The meeting point for this ride is Montrichard, a bustling medieval market town dominated by a lofty keep. Guests arrive and overnight at the Château de Vallagon, a charming three star hotel with a restaurant offering authentic French cuisine. Here riders will meet with the guide to discuss the trail ahead before a comfortable night’s sleep.
The next morning riders are introduced to their horses and the trail begins! There are approx 15 Selle Francais and Anglo-Arab horses available for riding varying in height from 15.2hh to 17hh. They are calm and experienced and ridden in English tack and English style with a relaxed, long rein when walking but a contact when moving at a faster pace. Riders can participate as much or as little as they wish with saddling, grooming and otherwise caring for the horses; it is not obligatory, but sometimes it is a good way to connect with them and can enhance the experience.
The morning is dedicated to getting to know the horses, riding out into the countryside across to a little troglodyte village called Bourré, then following the river Cher up to Thésée with its roman vestiges. Moving onwards through hills covered with vinyards the group will make a stop at a wine producer’s estate for a picnic and wine tasting. After a siesta the group, now familiar with the horses, will enjoy a quick gallop through the softly undulating hills before arriving at the medieval castle of Chémery, the base for the night.
The following morning guests can expect a lengthy ride through forests and rural settlements en route to Cheverny, a 17th century chateau that displays both a Henry IV and Louis XIII style façade; for this reason Cheverny demonstrates a rare architectural unity of style, having been commissioned and completed within a 30-year period. This chateau is also renowned for its famous hounds; a pack of 70 dogs is kept on its grounds. After a picnic lunch and a tour of the interior there’s a further couple of hours’ riding to the overnight accommodation at Bracieux, riding through flat land with forests dotted along the course of the trail.
After a continental breakfast it’s back in the saddle and onto the trail heading north towards Chambord, one of the most unique constructions of the period combining French Medieval architecture with Italian Renaissance. What makes this strange dual inspiration even more interesting is that the artist behind its creation remains a mystery. At the start of the 20th century Leonardo Di Vinci was considered but while he could have assisted in the inspiration he died before it was completed so could not have directed its construction. Still, there are certain tell-tale motifs that strongly suggest he had influence over the design. Chambord is the largest of the chateau visited on this trip and riders will enjoy a picnic in the grounds as well as a tour of the castle before riding on to Blois, taking in river views and forested tracks.

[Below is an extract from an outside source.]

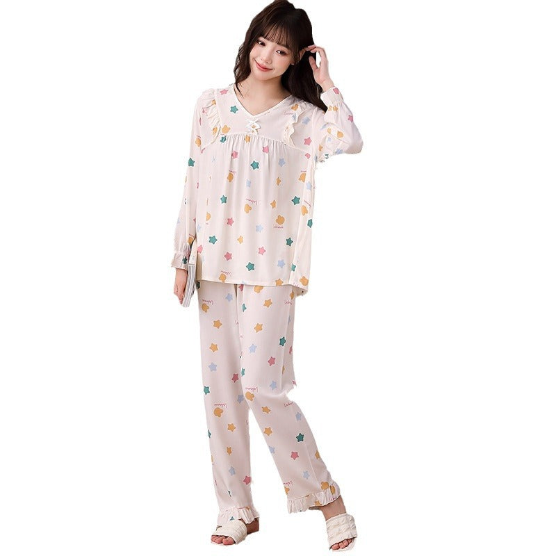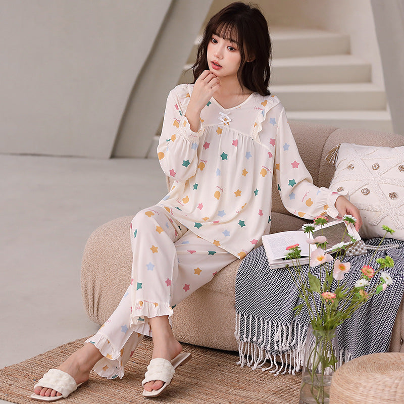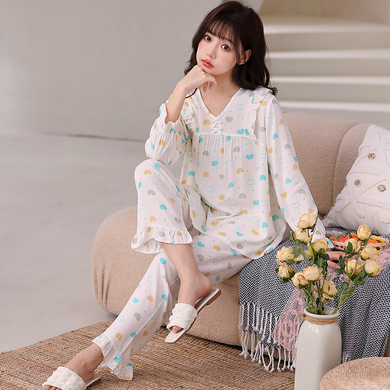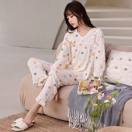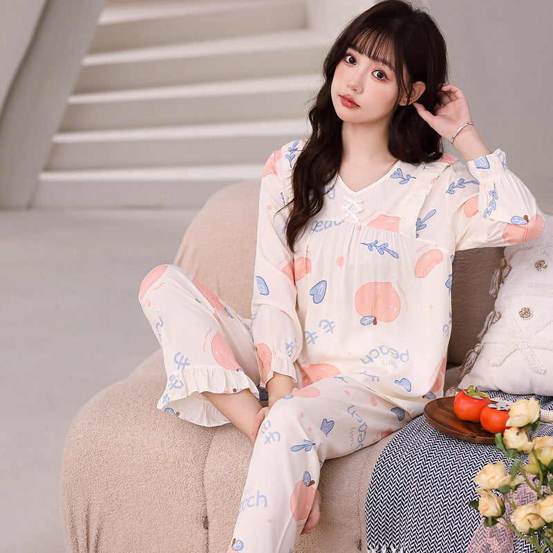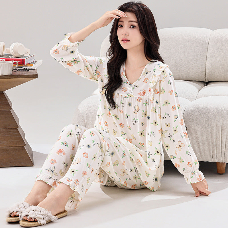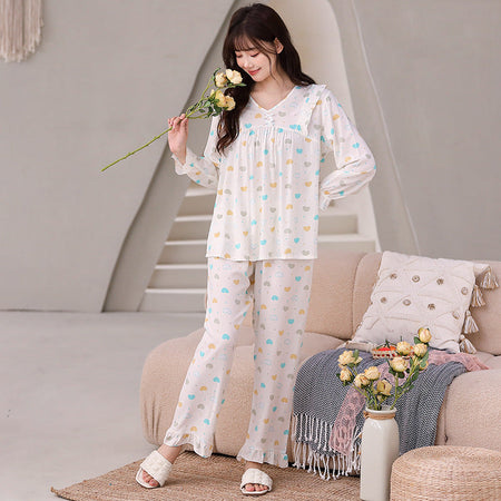 Yi Ni Cotton Silk Pajama Set β V-Neck Long Sleeve Homewear

Next morning’s ride is through a flatter, more rural landscape; guests ride across open, fertile fields and grasslands and the horses enjoying some lively trots and canters on the level terrain en route to the Loire riverbanks near Candé sur Beuvron. A picnic lunch will be waiting at the castle of Chaumont-sur-Loire, where guests will stop and relax before touring the chateau. This ancient fortress, reconstructed in the 15th century, was the subject of an argument between queen Catherine de Médici, widow of Henry II, and her rival Diane de Poitiers, his mistress (the end result of which is discovered on visiting the stunning chateau Chenonceau later on the trail). A short ride brings guests to a meadow for the horses at Rilly sur Loire while the riders spend the night in a hotel at Chaumont.
After breakfast guests are returned to their horses, with whom bonds have now been formed, and the group will ride south following the river Loire near the beach and then into the hills through a rolling landscape, passing renowned vineyards of the Touraine appellation and cereal fields. Arriving in Amboise early afternoon riders will stop for a picnic lunch before visiting the castle. The 15th century was a wealthy period for Amboise, when the kings Louis XI, Charles VIII, and Francis I put funds into expanding its environs as well as embellishing the already ornate architecture of the town. In the afternoon, riders will cross the Amboise forest up to Herserie castle, which offers bed and breakfast accommodation.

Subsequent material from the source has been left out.